# NEW PC's DVD/CD ROM not reading CD-R Audio



## Westmar (Oct 17, 2004)

I hate to sound like a broken record of all these other people who are having problems with disc drives, but I think my issue is different...and I'm about to throw my PC out the window, so...

I have a 2 month old Dell Dimension 9100. It has an HL-DT-ST DVD/CD ROM GDR8163B in Drive D and a Philips DVD+/- RW DVD 8631 in Drive E.

My problem at this point is NOT with the Philips Burner, it's with the ROM Drive. The ROM Drive will recognize and play almost everything without a problem: Purchased DVDs, Purchased Audio CDs, and Purchased CD ROM Video games, but for some reason it will not recognize/play any burned audio CD-R's. Not only will it not play them, it won't even recognize that it has a disc inserted in it. Something's really goofy here because these discs run fine on my other Dell, an older, Dimension 8200, with a LITE-ON LTD 163 DVD/CD ROM. AND all of the CD-R's I am trying to play on the new PC's ROM have been burned in different places on different PC's, not just with my new Philips Burner.

Oh, and these CD-R's WILL play in the new PC's DVD+/- RW Drive with no problem. Isn't that a little weird, or is it just me? And the other thing that i find strange is that I swear I was able to play CD-R's in the ROM drive with no problem a few weeks ago. Maybe I'm nutz.

I am running Windows XP Home Edition, 2002, SP2.
IntelR PentiumR 4.0 CPU 3.0 Ghz 512 MB RAM

And the drivers are current for the ROM Drive too, by the way. 

I hope i didn't leave anything out. Any help/advice would be greatly appreciated. Thanks as always!


----------



## Westmar (Oct 17, 2004)

Upon further review, the ROM Drive will also read Data CR-RW discs with no problem as well. However, any burned CD-R disc with either audio OR data will not be recognized, read, or played.

Maybe this is normal for new PC's and I'm just confused because my other Dell reads this stuff just fine in EITHER drive?

PS - I have seen this link in other threads and unfortunately, it did not help me at all. 

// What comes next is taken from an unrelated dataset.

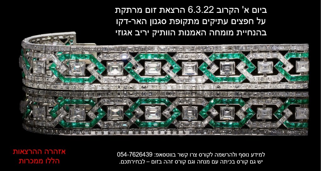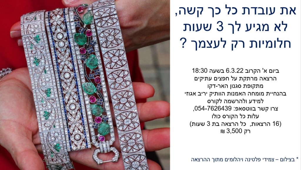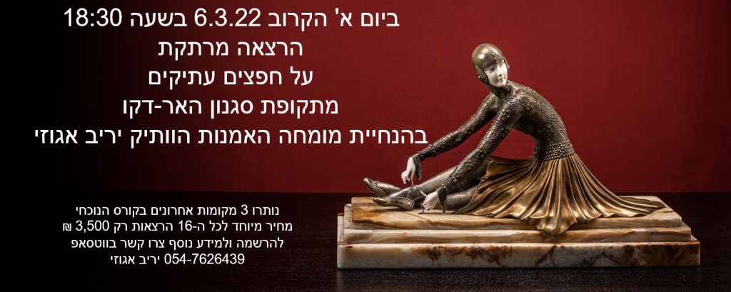 מהו בעצם סגנון האר דקו? מה המאפיינים של הסגנון? ואיך ניתן לזהות בקלות חפצים, רהיטים ותכשיטים עתיקים שיוצרו בתקופת סגנון אמנותי חשוב זה? הרצאה מרתקת של מומחה האמנות הוותיק יריב אגוזי 054-7626439
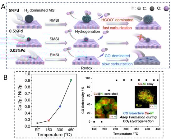 (A) The schematic diagram of size-dependent domino effect on Pd/FeOx catalysts during CO2 hydrogenation reaction [107]. In this case, RMSIs are evidenced by the structural transformation of the 5%Pd/FeOx catalyst from Pd to a Pd3Fe alloy under reaction conditions. SMSIs are indicated by the formation of a Pd@FeOx core–shell structure. EMSIs are defined by the electron transfer between Pd single atoms and the FeOx support. * represents absorbate. (B) Structure–activity relationship of Cu-Ni catalyst during CO2 hydrogenation reaction [108].

http://support.microsoft.com/kb/q218617/


----------



## Westmar (Oct 17, 2004)

Upon further review it seems this might not be so unusual of a situation. I found this info online at this link http://www.cdrfaq.org/ :

=========================================================

"The only discs that a DVD player is guaranteed to read are DVD discs. Support for CD-ROM, CD-R, and CD-RW may be included, but is by no means guaranteed. 

CD-R was designed to be read by an infrared 780nm laser. DVD uses a visible red 635nm or 650nm laser, which aren't reflected sufficiently by the organic dye polymers used in CD-R media. As a result, many DVD players can't read CD-R media. Some DVD players come with two lasers so that they can read CD-R. 

CD-RW discs have a different formulation, and may work even on players that can't handle CD-R media. If CD-R media doesn't work, try copying the disc to CD-RW instead (assuming your recorder supports CD-RW). 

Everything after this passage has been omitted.